I was at SIGMOD last week, and had a great time learning about new research, discussing various research problems, meeting up with old friends and making new ones. I don't recall exactly, but at one point I got into a discussion with someone about how I'm probably one of the few people who've actually had the privilege of using three of the major distributed scripting languages in production: Google's Sawzall, Microsoft's SCOPE and Yahoo's Pig. The obvious question then came up -- Which one do I like best? I thought for a bit, and my answer surprised me -- it was SCOPE, for the sole reason that it allowed inline UDFs, i.e. User Defined Functions defined in the same code file as the script.
I'm not aware if Sawzall allows UDFs, and Pig allows you to link any .jar files and call them from the language. But the Microsoft SCOPE implementation is extremely usable: the SQL forms the framework of your MapReduce chains, while the Mapper, Reducer and Combiner definitions can be written out in C# right under the SQL -- no pre-compiling / including necessary.
Here's how simple SCOPE is.
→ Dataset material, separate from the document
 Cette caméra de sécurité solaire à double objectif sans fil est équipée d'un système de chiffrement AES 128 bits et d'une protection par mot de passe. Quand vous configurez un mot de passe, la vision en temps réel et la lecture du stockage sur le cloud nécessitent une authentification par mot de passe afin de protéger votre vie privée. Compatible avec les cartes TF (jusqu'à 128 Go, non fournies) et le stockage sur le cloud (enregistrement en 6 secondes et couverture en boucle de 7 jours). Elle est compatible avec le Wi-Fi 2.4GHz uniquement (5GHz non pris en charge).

Note the #CS / #ENDCS codeblock that contains the C#:
R1 = SELECT A+C AS ac, B.Trim() AS B1 FROM R WHERE StringOccurs(C, “xyz”) > 2 #CS public static int StringOccurs(string str, string ptrn) { int cnt=0; int pos=-1; while (pos+1 < str.Length) { pos = str.IndexOf(ptrn, pos+1) ; if (pos < 0) break; cnt++; } return cnt; } #ENDCS
Since I'm working at Yahoo! Research this summer, and I missed this feature so much, I thought -- why not scratch this itch and fix the problem for Pig? Also, while we're at it, maybe we can use a cleaner language than Java to write the UDFs?
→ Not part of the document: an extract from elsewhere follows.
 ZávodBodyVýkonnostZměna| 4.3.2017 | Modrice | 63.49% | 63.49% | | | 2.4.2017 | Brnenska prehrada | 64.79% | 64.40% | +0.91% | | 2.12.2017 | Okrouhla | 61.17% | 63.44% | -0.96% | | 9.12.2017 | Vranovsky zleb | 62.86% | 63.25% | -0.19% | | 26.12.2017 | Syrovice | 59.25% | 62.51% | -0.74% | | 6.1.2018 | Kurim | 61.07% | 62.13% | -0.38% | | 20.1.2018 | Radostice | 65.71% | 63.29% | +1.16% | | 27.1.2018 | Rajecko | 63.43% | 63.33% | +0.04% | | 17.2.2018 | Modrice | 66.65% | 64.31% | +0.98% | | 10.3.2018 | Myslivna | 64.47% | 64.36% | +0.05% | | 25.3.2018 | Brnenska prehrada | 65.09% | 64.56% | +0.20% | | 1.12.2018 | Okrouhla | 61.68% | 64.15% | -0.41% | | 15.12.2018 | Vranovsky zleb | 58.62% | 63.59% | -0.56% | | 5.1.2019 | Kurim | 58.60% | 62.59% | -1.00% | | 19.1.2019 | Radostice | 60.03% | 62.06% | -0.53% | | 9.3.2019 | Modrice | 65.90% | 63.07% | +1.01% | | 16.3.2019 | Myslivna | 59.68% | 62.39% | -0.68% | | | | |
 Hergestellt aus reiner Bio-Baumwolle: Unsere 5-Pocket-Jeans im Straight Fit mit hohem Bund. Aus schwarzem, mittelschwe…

Enter BaconSnake (available here), which lets you write your Pig UDFs in Python! Here's an example:
-- Script calculates average length of queries at each hour of the day raw = LOAD 'data/excite-small.log' USING PigStorage('\t') AS (user:chararray, time:chararray, query:chararray); houred = FOREACH raw GENERATE user, baconsnake.ExtractHour(time) as hour, query; hour_group = GROUP houred BY hour; hour_frequency = FOREACH hour_group GENERATE group as hour, baconsnake.AvgLength($1.query) as count; DUMP hour_frequency; -- The excite query log timestamp format is YYMMDDHHMMSS -- This function extracts the hour, HH def ExtractHour(timestamp): return timestamp[6:8] -- Returns average length of query in a bag def AvgLength(grp): sum = 0 for item in grp: if len(item) > 0: sum = sum + len(item[0]) return str(sum / len(grp))
Everything in this file in normal Pig, except the highlighted parts -- they're Python definitions and calls.
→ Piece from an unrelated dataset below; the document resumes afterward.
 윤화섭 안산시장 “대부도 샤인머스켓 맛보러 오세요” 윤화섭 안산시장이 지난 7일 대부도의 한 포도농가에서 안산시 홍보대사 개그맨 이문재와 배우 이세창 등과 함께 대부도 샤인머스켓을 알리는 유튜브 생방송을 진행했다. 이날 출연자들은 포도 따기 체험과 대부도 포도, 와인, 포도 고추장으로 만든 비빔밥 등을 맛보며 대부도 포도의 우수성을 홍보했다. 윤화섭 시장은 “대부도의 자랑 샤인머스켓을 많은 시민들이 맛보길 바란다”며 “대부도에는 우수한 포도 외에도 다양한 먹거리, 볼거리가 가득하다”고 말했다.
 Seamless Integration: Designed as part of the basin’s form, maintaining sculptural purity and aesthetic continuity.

It's pretty simple under the hood actually. BaconSnake creates a wrapper function using the Pig UDFs, that takes python source as input along with the parameter. Jython 2.5 is used to embed the Python runtime into Pig and call the functions.
Using this is easy, you basically convert the nice-looking "baconsnake" file above ( the .bs file :P ) and run it like so:
cat scripts/histogram.bs | python scripts/bs2pig.py > scripts/histogram.pig java -jar lib/pig-0.3.0-core.jar -x local scripts/histogram.pig
Behind the scenes, the BaconSnake python preprocessor script includes the jython runtime and baconsnake's wrappers and emits valid Pig Latin which can then be run on Hadoop or locally.
Important Notes: Note that this is PURELY a proof-of-concept written only for entertainment purposes. It is meant only to demonstrate the ease of use of inline functions in a simple scripting language. Only simple String-to-String (Mappers) and DataBag-to-String (Reducers) functions are supported -- you're welcome to extend this to support other datatypes, or even write Algebraic UDFs that will work as Reducers / Combiners. Just drop me a line if you're interested and would like to extend it!
Go checkout BaconSnake at Google Code!
Update: My roommate Eytan convinced me to waste another hour of my time and include support for Databags, which are exposed as Python lists. I've updated the relevant text and code.
Update (Apr 2010): Looks like BaconSnake's spirit is slowly slithering into Pig Core! Also some attention from the Hive parallel universe.
What other people have to say:
I received some comments from friends about comparing BaconSnake with Pig Streaming. I think the core differences are three-fold. First, BaconSnake works by generating a compiled Jython function, and then calling it for each input, as opposed to piping data through a single stream. Second, you can perform correct per-tuple iterations with multiple functions, e.g. “FOREACH A GENERATE baconsnake.FirstFunc(q), baconsnake.SecondFunc(q);”. Third, your functions are called inside the same runtime, so not only are they (arguably) more efficient, they also have access to all of the Java codebase that you included using “register .jar”.
Good job Arnab, I like it.
— amr
This is awesome, Arnab. Thanks for putting this together and publishing it!